ニューヨーク特派員報告
第136回

ヴィト・アコンチ


「情報の審美学」というなにやら意味ありげなクラスをとったその訳は、そのインストラクターであるヴィト・アコンチが著名な芸術家であるからだ。パフォーマンス・アートなる分野が彼を語るのに欠かせない真骨頂であるが、その代表として1971年「苗床」という作品がある。それは、アコンチ自体はギャラリーの床下に潜り込み、そこで自慰行為をし、その音(声?)を上の空間で観客に聴収可能にするといったものである。私的空間と公的空間の反転により、その定義を浮き彫りにするといったコンセプトであるようだ。そういった関係性や状況確認というのが、彼の一貫したテーマらしい。なぜマスターベイションであったかというと、種を出すために自身が興奮するという行為で自分の肉体を媒体化する必要があったらしい。

アコンチ先生は、ランドアートやヴィデオアートなども手がけており、多作で多彩な活動をしている。マルコム・マクラレンと同じくシチュアシオニズム(状況主義)からの影響の濃いポストモダン的な芸術家に迫ることができるのは、とてもいい機会であった。

72歳でも彼は多忙であっちこっちに飛び回っている。大型台風サンディの影響もあってだが、授業は合計で10回にも満たなかった。授業といっても、基本的に抜粋されたアートの概念、現代思想などの読み物をベースに生徒が何かを表現し、それについて(もしくはそれ以外も)ディスカッションするという形式。アコンチ先生はあくまでモデレーター的スタンスで、あまり自分自身の事は語ってくれない。先生のファッションは、黒で統一されており、とても優しい(あやしい)おじいさんである。語る時はどもり、断定のあとに訂正を繰り返すというパターンで話を進めていくのが彼独特のスタイルである。それは、彼の文章においても共通している。
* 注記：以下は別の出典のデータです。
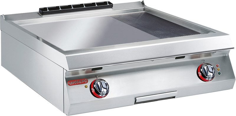 Гриль-сковорода непосредственной жарки с наполовину плоской, наполовину ребристой жарочной поверхностью размером 645*525 мм из сплава чугуна Fe510D - функциональный элемент линии Gamma.
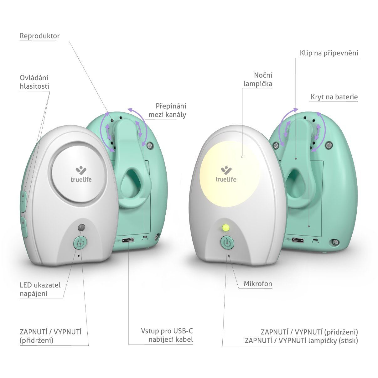 Chcete mít své miminko pod dohledem a reagovat na jeho potřeby, i když zrovna spinká v jiné místnosti? Digitální audio chůvička TrueLife NannyTone VM Pocket se spolehlivým přenosem a praktickými funkcemi pohlídá miminko za vás. Obě jednotky jsou dobíjecí, takže se stanou vaším pomocníkem nejenom v domácnosti, ale i na cestách. Pomocí USB-C pak snadno chůvičku dobijete ať už ze zásuvky nebo pomocí powerbanky. Díky spolehlivému přenosu signálu s dosahem až 700 metrů máte své dítě vždy pod dohledem a neunikne vám jediné škytnutí.
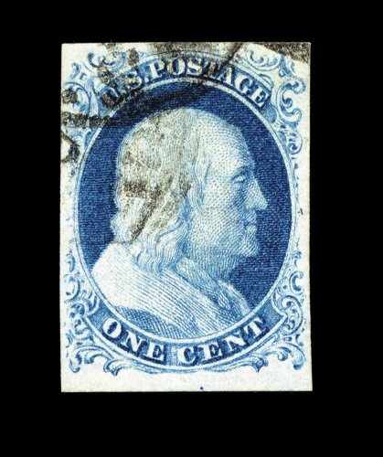 42 O 9 image#9, 1c Blue, Ty. IV, recut once at top, position 94R1L, used, extravagantly large and wonderfully well balanced margins all around, including a partial sheet margin at bottom, bright fresh color and an excellent impression, light mostly face-free town c.d.s. at top left, extremely fine; a gem example which possesses great eye appeal; 2000 PF certificate. (Image) 130.00
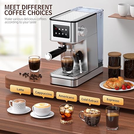 Thông tin sản phẩm Espresso Machine with Milk Frother, 20 Bar Compact Espresso Maker with Touch Screen & 57.5oz Removable Water Tank for Home, Stainless Steel Coffee Machine for Cappuccino, Latte, Silver(updated)
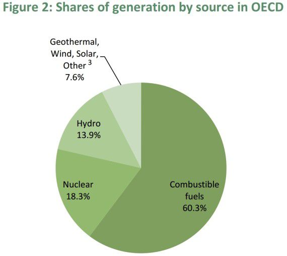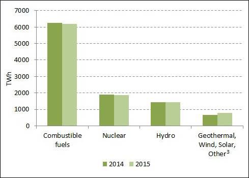 2015年,经合组织可再生能源电力占能源结构比例从2014年的20.6%增长至21.5%,达到776太瓦时,其中风电增长77太瓦时,太阳能光伏增长27太瓦时。易燃燃料电力占60.3%,其中核能发电下降0.5%至1878.9太瓦时。

自分の経験を多く語ることもなく(本当は、も少し聞きたかった)、出欠もとらず、宿題もボランティアで、まったくプレッシャーのないクラスであった。パフォーマンスに限らずアートやポエトリーなどを専攻する生徒もいたので、ディスカッションは多岐にわたり脱線することのほうが多かったがそれはそれでセレンディピティ的な直感になった。デジタル世代の創作感覚や、あらゆる方向からの視点を理解するのにいい機会でもあった。
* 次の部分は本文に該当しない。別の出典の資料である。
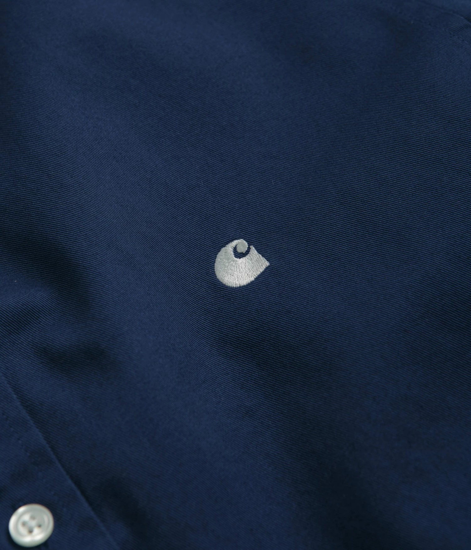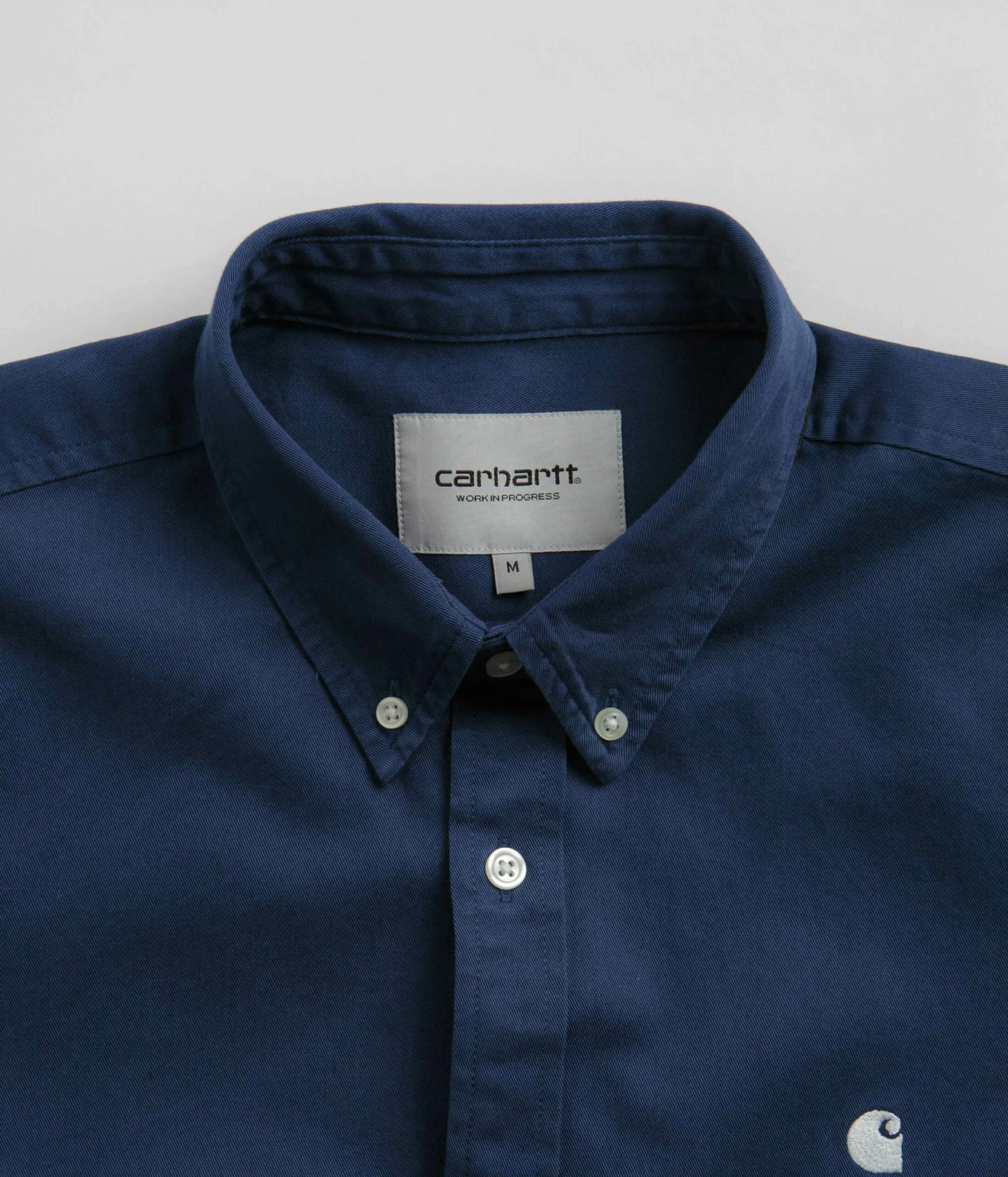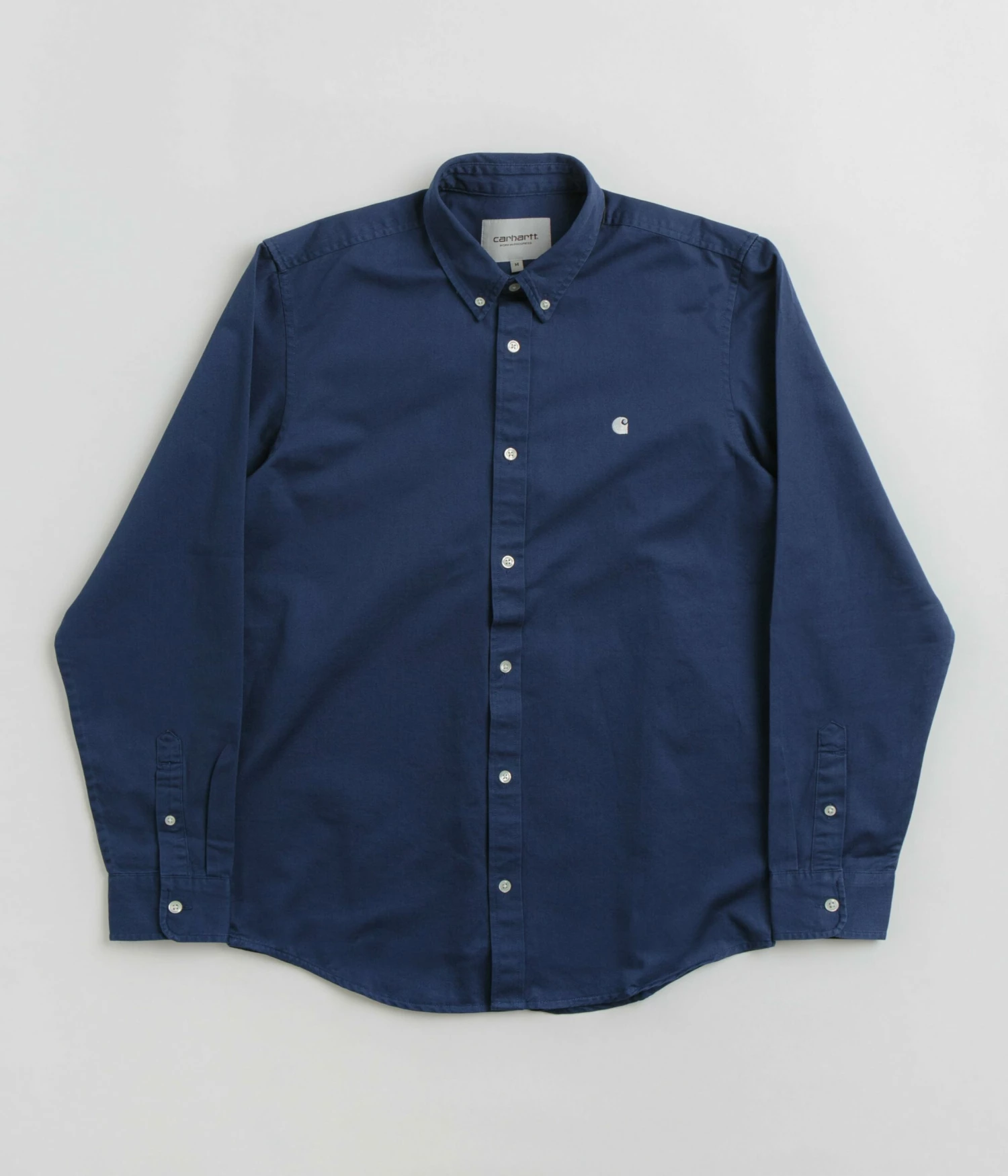 Carhartt Madison Shirt in Elder and White. Made from 100% cotton twill, this Carhartt shirt is designed with a button-down collar, a full length button fastening and a heavy garment wash. Finished with adjustable cuffs and a curved hem, this navy Carhartt shirt also features a contrasting left chest embroidered logo.

最初の授業は、ギャスパー・ノエの「エンター・ザ・ボイド」という強烈な映画の鑑賞であった。東京を舞台にしたドラッグものであるのだが、映像表現が斬新である。本人目線の映像、 意識の視覚化 、人間の記憶のフロー(時間の経過)の表現、ラブホテルの換喩的描写などが効果的に織り込まれている。最後にある巨大に拡大された膣内で動くペニスのグラフィックスには笑った。性の描写は、生命エネルギーのアレゴリーにほかならない。音響効果も、体内音と外部音、空間を通した音などを用い疑似体験的に感じられる作りになっていた。 人によっては、吐き気がして、退場したくなるような映画かもしれない。

クラスは、生徒のパフォーマンスを元にディスカッションを進めていくのだが、パフォーマンスが終わったあと、きまってしばらく沈黙がある。拍手はない場合が多い。誰からどう切り出すのかという様子見のようでもあるが、パフォーマーは、批評にされされる「まな板の上の鯉」状態のようだ。表現方法とコンセプトは、コメントする側のリテラシーによって違ってくるので、面白い。簡単にジャッジせず、批評を展開するのが目的である。
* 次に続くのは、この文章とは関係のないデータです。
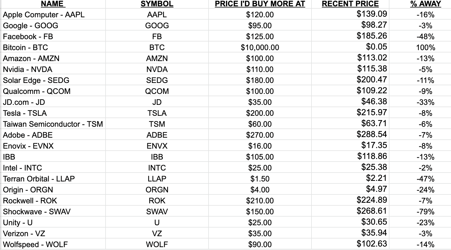 | NAME | SYMBOL | PRICE I’D BUY MORE AT | RECENT PRICE | % AWAY | |
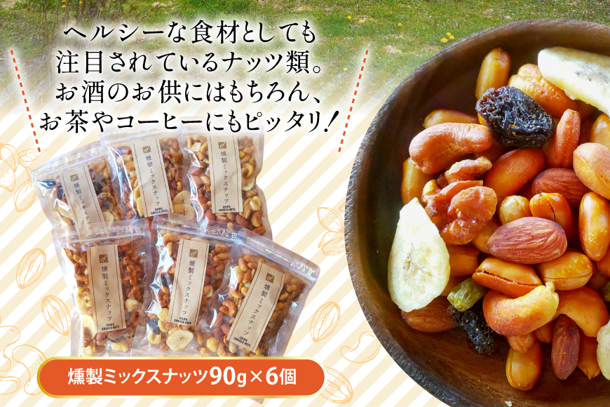 しっかりとした燻製香!やみつきになるミックスナッツ 燻製 ミックス ナッツ 90g 6袋 [伊澤商店 山形県 高畠町 tk06bcz260002] ナッツ ピーナッツ 小分け 個包装 スモーク 手作り くるみ アーモンド カシューナッツ レーズン バナナチップ おつまみ お菓子 おやつ
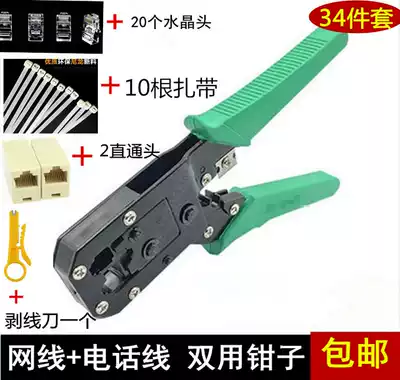 Network line crimping pliers wire stripper 20 crystal head 2 Network straight-through nylon cable ties 10
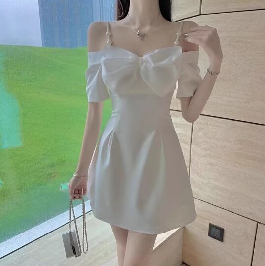 レディース ドレス ワンピース パーティードレス パーティー 結婚式 二次会 披露宴 ミニ ショート 半袖 オフショル フレア Aライン リボン 可愛い 大人可愛い キュート ガーリー 主役級 存在感 華やか フェミニン 女性らしい フェアリー 無地 パーティー 二の腕カバー 美脚 脚長 結婚式 二次会 披露宴 パーティー 2XL S M L XL 白 黒 ホワイト ブラック
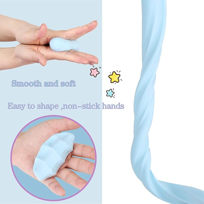 - 24PACKS(24colors): Too many or too few colors are not conducive to children's color recognition,the 24 colors we choose just meet the needs;Xiosag modeling clay for kids , the texture is soft and non-sticky, will not fade after repeated kneading, easy to shape , natural air drying does not crack. It is made of natural safety material,natural and nontoxic.
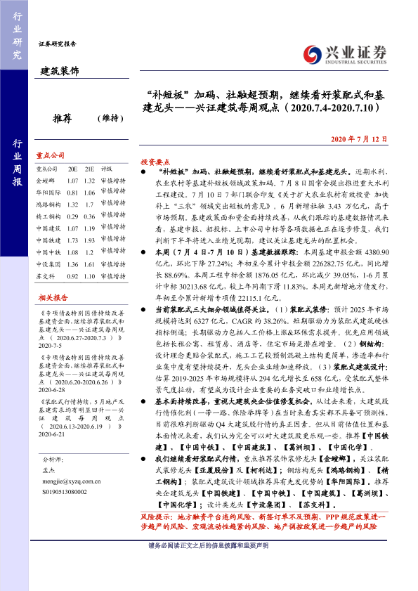 【兴业证券】【20200712】“补短板”加码、社融超预期,继续看好装配式和基建龙头-41页
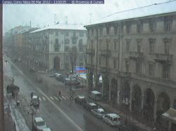 Ecco invece la situazione attuale. Sulla città nevica copiosamente e la temperatura è attorno allo zero.
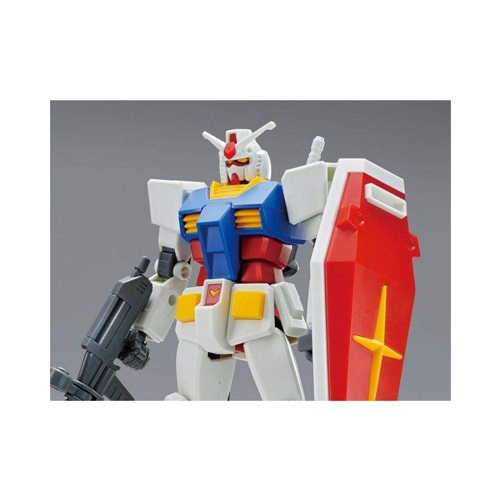 The Entry Grade RX-78-2 Gundam, based on the anime series Mobile Suit Gundam, is the ultimate introduction item for GunPla. Consisting of only 74 parts, the plastic is color molded requiring no paint, snaps together requiring no glue, uses easy twist off parts requing no tools, and now doesn't even require stickers for tiny details!  The RX-78-2 Gundam comes armed with a beam rifle and shield.
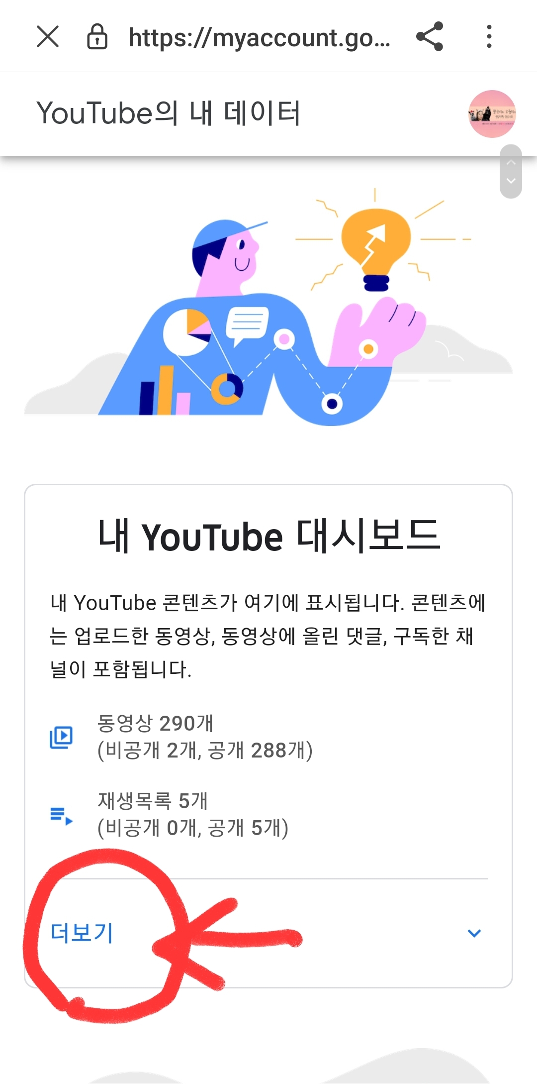 내 유튜브 대시보드 내에 더보기 클릭
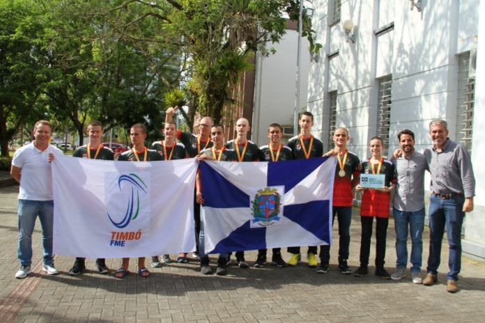 Os atletas chegaram a Timbó na tarde desta quarta-feira, dia 21, e foram recebidos com muita festa, no pátio da Prefeitura. O prefeito de Timbó, Jorge Kruger, parabenizou os atletas, professores e familiares pela conquista do título. “O trabalho da Escola Municipal Erwin Prade é hoje referência no cenário estadual e nacional no âmbito esportivo, e isso é mérito de todos os profissionais que acreditam e incentivam o esporte de base”, destacou ele.

最後の授業も、(5人くらいしか出席していなかったが)、デビット・クローネンバーグの「ビデオ・ドローム」の鑑賞で締めくくられた。拷問ビデオに興奮する主人公の体が性器となり、イマジネーションと現実の世界を漂流する。そういった表象としての映画に隠されたメタフィジカルな記号を読み取る作業は、やはり「情報の審美学」と言えるであろう。アコンチ先生曰く、アートを教える行為は、それを視る目を奪ってしまうからしないそうだ。自分で読み取ることが、重要だということなのであろう。

もくのあきおは、ニューヨーク市立大学大学院で、メディア・アートの勉強をしながら、ノイズバンドで活動している。